WHAT YOU HAVE TO DO: What is needed is a word-for-word copy of the listing below, without pictures.

INPUT DATA:
──────

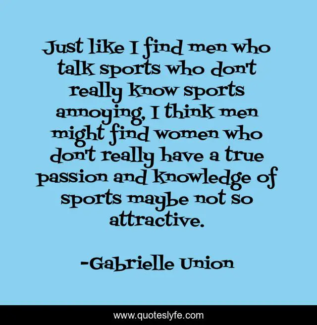 This page presents the quote "Just like I find men who talk sports who don't really know sports annoying, I think men might find women who don't really have a true passion and knowledge of sports maybe not so attractive.". Author of this quote is Gabrielle Union. This quote is about passion, knowledge, women,.
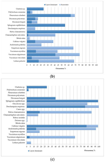Average species diversity and occurrence of certain species of ground vegetation cover for: (a) undrained test sites; (b) effectively drained test sites; (c) rewetted test sites.
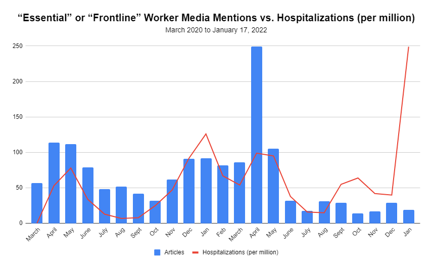 Starting in about September 2021 though, things started to shift dramatically in the other direction: hospitalizations increased and then skyrocketed, but the use of the phrase “essential workers” or “frontline workers” plummeted.

──────

ANSWER TO THE PROBLEM:
 This page presents the quote "Just like I find men who talk sports who don't really know sports annoying, I think men might find women who don't really have a true passion and knowledge of sports maybe not so attractive.". Author of this quote is Gabrielle Union. This quote is about passion, knowledge, women,.
Average species diversity and occurrence of certain species of ground vegetation cover for: (a) undrained test sites; (b) effectively drained test sites; (c) rewetted test sites.
 Starting in about September 2021 though, things started to shift dramatically in the other direction: hospitalizations increased and then skyrocketed, but the use of the phrase “essential workers” or “frontline workers” plummeted.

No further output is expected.